The Great Phenol Plot was a clandestine effort by the German government during the early years of World War I to divert American-produced phenol from the manufacture of high explosives that supported the British war effort. Phenol was used by the German-owned Bayer company, which could no longer import the compound from Britain, to produce aspirin.

==Background==
At the outbreak of World War I in 1914, most phenol used by American manufacturers was imported from the United Kingdom. A major precursor compound in organic chemistry, phenol was used to make salicylic acid for aspirin and the high explosive picric acid (trinitrophenol). It was also a primary component for Thomas Edison's "Diamond Disc" phonograph records, which were made from glue-bound wood flour or ceramic coated in a layer of an early phenol-based plastic (unlike other disc records of the time, which were made from shellac).

British phenol was soon being used almost exclusively for making explosives for the war effort, leaving little for export. By 1915, the price of phenol rose to the point that Bayer's aspirin plant was forced to drastically cut production; this was especially problematic because Bayer was instituting a new branding strategy in anticipation of the expiry of the aspirin patent in the United States. Counterfeiters and Canadian importers and smugglers were stepping up to meet demand for aspirin, and the war had disrupted the links between the American Bayer plant (in Rensselaer, New York) and the central Bayer headquarters in Germany. Thomas Edison was also facing phenol supply problems; in response, he built a factory near Johnstown, Pennsylvania, that could manufacture 12 ST of phenol per day. Edison's excess phenol seemed destined for American trinitrophenol production, which would be used to support the British.

==Plot==
Although the United States remained officially neutral until April 1917, it was increasingly throwing its support to the Allies through trade, especially after the May 1915 sinking of the British ocean liner Lusitania (whose death toll included 128 American passengers) by a German U-boat. While many Americans, including President Woodrow Wilson, supported the British, there was also considerable pro-German sentiment (though considerably less after the Lusitanias sinking). German ambassador Johann Heinrich von Bernstorff and Interior Ministry official Heinrich Albert were tasked with undermining American industry and maintaining public support for Germany. One of their agents was a former Bayer employee, Hugo Schweitzer.

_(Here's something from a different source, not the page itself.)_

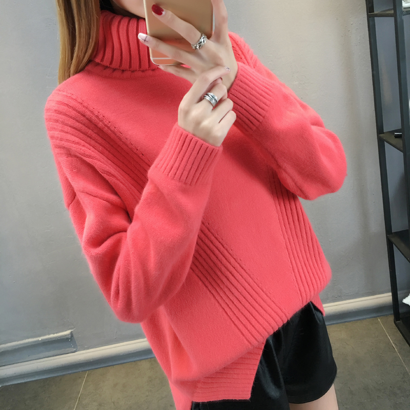 秋冬新款宽松高领套头毛衣女中长款韩版打底针织衫加厚女装学生潮

Schweitzer, with money funneled from Germany through Albert, set up a contract for a front company called the Chemical Exchange Association to buy all of Edison's excess phenol. Much of the phenol would go to the German-owned Chemische Fabrik von Heyden's American subsidiary; Heyden was the supplier of Bayer's salicylic acid for aspirin manufacture. By July 1915, Edison's plants were selling about three tons of phenol per day to Schweitzer; Heyden's salicylic acid production was soon back on line, and in turn Bayer's aspirin plant was running as well. Schweitzer sold the remainder of the phenol at a considerable profit, being careful to distribute it to only non-war-related industries.

Albert, however, was under investigation by the Secret Service because of his propaganda activities. On July 24, 1915, he accidentally left his briefcase on a train; it was recovered by a Secret Service agent who had been following him. The briefcase contained details about the phenol plot and other covert activities to indirectly aid the German war effort. Although it was not incriminating enough to bring charges against Albert or the other conspirators (since the United States was still officially neutral and trade with Germany was legal), the documents were soon leaked to the New York World, an anti-German newspaper. The World published an exposé on August 15, 1915, and the publicity soon forced Albert to stop funding the phenol purchases.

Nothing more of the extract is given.